Thornley’s baseball grave visits, on the other hand, have taken him to far-flung spots in 31 states, as well as Cuba, since he started the hobby on a whim while in Hawaii with his wife, Brenda, in 1995. (“Luckily, she’s always up for adventure too,” he said.) Thornley suggested they make an impromptu visit to the Oahu grave of baseball pioneer Alexander Cartwright Jr., and the side trip reminded him of another story. His dad made a detour when they were on a family outing in Michigan’s Upper Peninsula and decided on the spur of the moment to visit the grave of George Gipp, the legendary Notre Dame football player. Stew was nearly 12 at the time.
He believes that’s how his passion for such adventures was born.
Thornley is now two decades into his Baseball Hall of Fame quest. He said he hasn’t given up visiting the remaining eight or so HOFers who have died since the last time his collection was complete.
His sleuthing trips have taken him to remote spots, such as Swifton, Arkansas, the tiny town where Tigers great George Kell is buried. On an extended California swing that allowed him to cross five names off the list. (Leo Durocher, who was tough to find, is buried at Forest Lawn in the Hollywood Hills, not far from Ricky Nelson of “The Adventures of Ozzie and Harriet” fame.) While visiting Martin Dihigo’s grave at another stop on his 2001 Cuba trip, the locals were so proud anyone cared enough to make the trek that they threw Stew and Brenda a dinner and dancing party.
The visit to Waddell’s monument in San Antonio was intriguing because the left-handed strikeout pitcher was known to run out of ballparks if he heard fire truck sirens blaring, one of many quirks that has fed speculation Waddell suffered from an undisclosed mental illness.
“When I got to his grave, someone before me had left a small toy fire truck there,” Thornley said, “which I thought was kind of a nice tribute to him in a cool, understated kind of way.”
Other burial sites can be more elusive to find, but Thornley said it helps that there is a graveyard explorer’s grapevine to spread news, such as when the family of Dodgers great Don Drysdale moved his ashes out of Forest Lawn Memorial Park in Glendale, California.
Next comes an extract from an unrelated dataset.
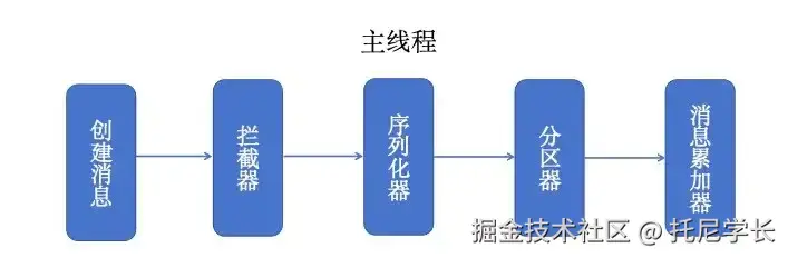 主线程负责消息创建,然后会依次经过拦截器、序列化器和分区器,并将消息缓存在消息累加器中。

Thornley also got word when another graver reported that he had successfully made an appointment at the Alcor Life Extension Foundation in Scottsdale, Arizona, to see where Ted Williams’ remains are frozen in a canister and posted some photos to document his visit.
Thornley hasn’t made it to Alcor — yet.
But he and Brenda have already bought their own grave plot near their suburban Minneapolis home.
One other note: During his January trip to New York, during which he saw Torriente’s grave in Queens, Thornley also visited the Brooklyn grave of Gil Hodges, the former Dodgers great and World Series-winning Mets manager who is controversially not in the Hall of Fame, despite much lobbying.
If and when Hodges does get into Cooperstown, Thornley will again be able to say, “Been there, done that.”
“I know some people think it’s strange,” he laughingly admitted. I know.”